Chinese are developing their own Internet protocols, operating systems, search engines, switches, routers, mobile technology gear, and signal processors thereby creating a secure system that gives them the power of reciprocity and minimizes vulnerability to imperialistic predations. In contrast, India doesn’t have any hardware or software capability. WikiLeaks and Snowden files reveal that India’s dependence on interoperable technology makes it vulnerable to Western predations.

 Let us look at an interesting factoid. In 2010, the fastest supercomputer only clocked 3 petaflops. In a mere three years, supercomputer speeds have increased by an order of magnitude. Therefore, if India fails to formulate a technology vision and invest in infrastructure now, she would be left far behind global competition in the years to come. Such a state would diminish her ability to fight poverty and to emerge as a wealthy nation.

 An ideal leader must be capable of understanding this reality and formulating a futuristic economic-technological vision. Modi hasn’t done so. Economic-technological progress of the future would be made on the foundations of a high-end educational system and research facilities. Modi hasn’t built any such institution in Gujarat. Modi’s model of economic development has been dependent on efficient commerce. While commerce is a necessity, it is merely a subset of an economic-technological system which would thrive on innovations in the future to generate wealth. Commerce is not the engine of economic growth.

 One may conclude that Modi is the inevitable choice as the prime minister in 2014 only because of the lack of an alternative.
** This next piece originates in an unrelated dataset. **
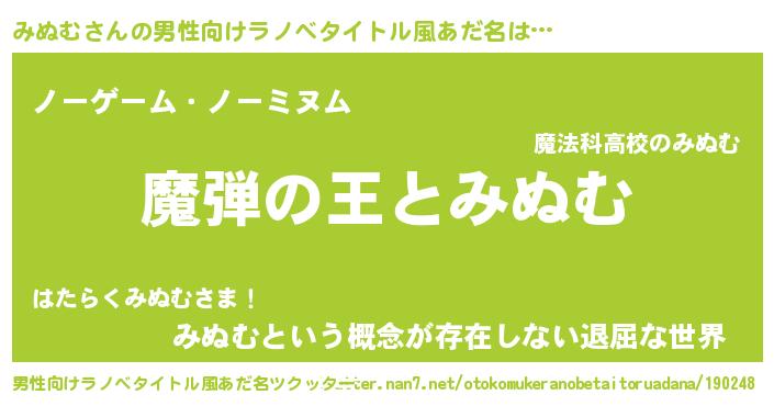 | ヒーロー風カッコイイあだ名 | 『仮面ミヌダー』『天空の使者みぬむ』 |
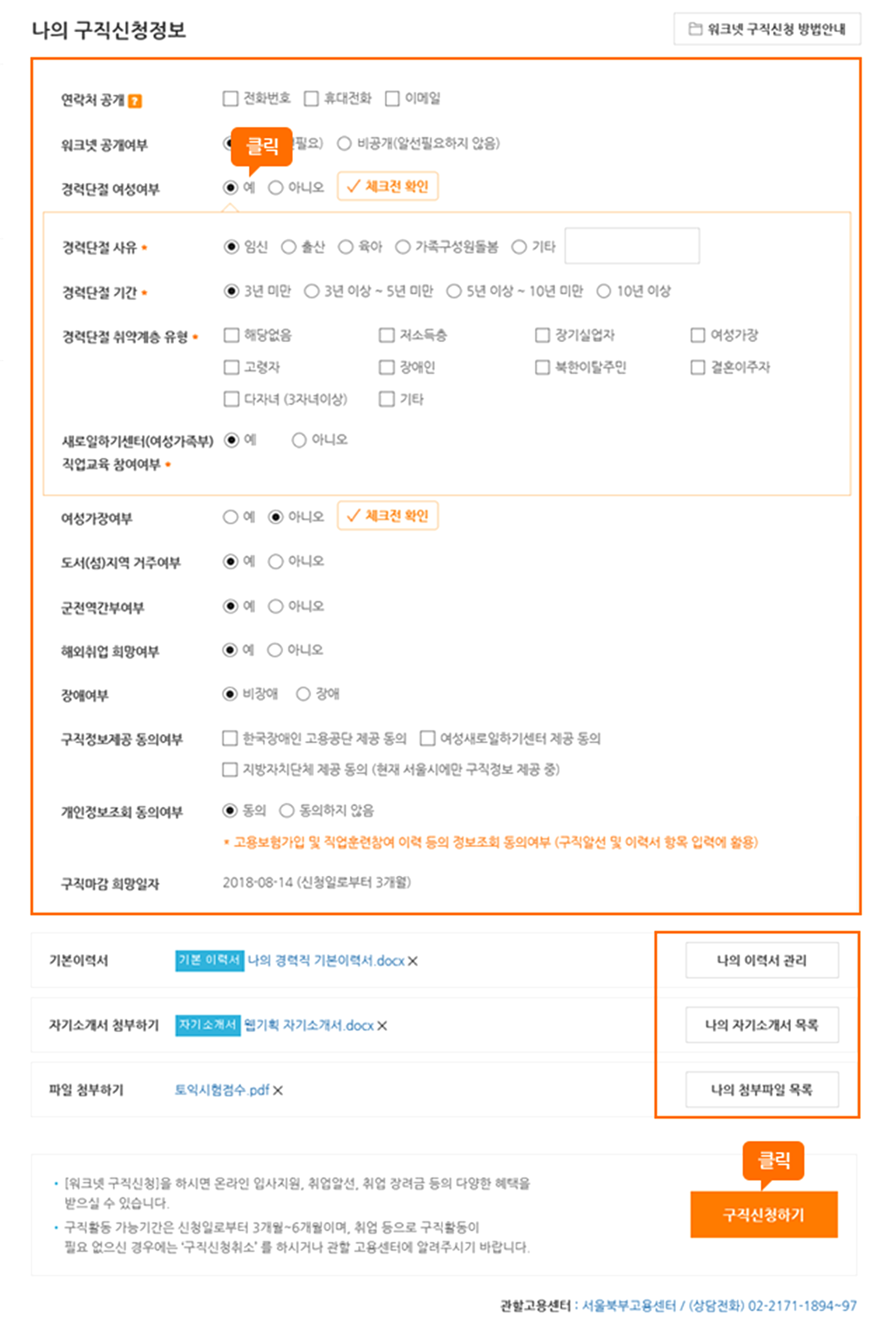 신규건, 기존이건 구직 신청하기를 클릭해주세요.

No doubt that if he were to replicate his Gujarat model of corruption-free, efficient administration all over India, all Indians would benefit. However, Modi is not the ideal choice. An ideal choice would be a visionary leader capable of understanding the emerging trends in the economic-technological horizon and formulating a comprehensive plan that would lead to innovations and wealth generation.

Kalavai Venkat is a Silicon Valley-based writer, an atheist, a practicing orthodox Hindu, and author of the forthcoming book What Every Hindu Should Know About Christianity.